Feeding mechanisms in snakes


Meeting Abstract

S9-1.7  Jan. 6  Feeding mechanisms in snakes KLEY, N.J.*; MEHTA, R.S.; Stony Brook Univ.; Univ. of California, Davis nathan.kley@stonybrook.edu

Most previous studies of snake feeding mechanisms have focused predominantly on details of the anatomy of the jaw apparatus and/or various qualitative aspects of feeding behavior. In contrast, relatively few studies have attempted to quantify feeding performance in living snakes, and none have done so within a broad, phylogenetic context; most such studies have focused on single species. In this study, we examined feeding performance across a relatively wide range of prey sizes in a phylogenetically, morphologically, and ecologically diverse sample of nearly twenty species of terrestrial and fossorial snakes. Prey transport performance was evaluated for all species studied, and prey capture/subjugation performance was evaluated for several constricting species.

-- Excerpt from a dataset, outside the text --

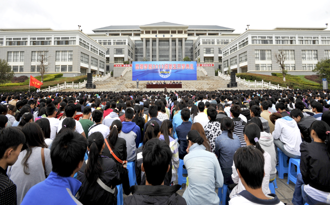 8月30日上午,永利官网在聂耳广场隆重举行了2013级新生开学典礼。全体校领导、中层干部、辅导员、班主任和2013级新生参加了典礼。典礼由党委书记陈世波主持。党委副书记、校长蒋永文讲话,寄予新生殷切希望。

Interspecific differences in prey transport performance were then correlated with differences in the relative sizes of various elements of the feeding apparatus, such as the supratemporal, quadrate, palatine, pterygoid, dentary, and compound bone. The relationships between feeding performance and morphology that were obtained from these analyses will be discussed in the context of several hypotheses that have emerged from recent molecular phylogenetic studies, which have called into question the traditional, gradualistic view of the evolution of macrophagy in alethinophidian snakes.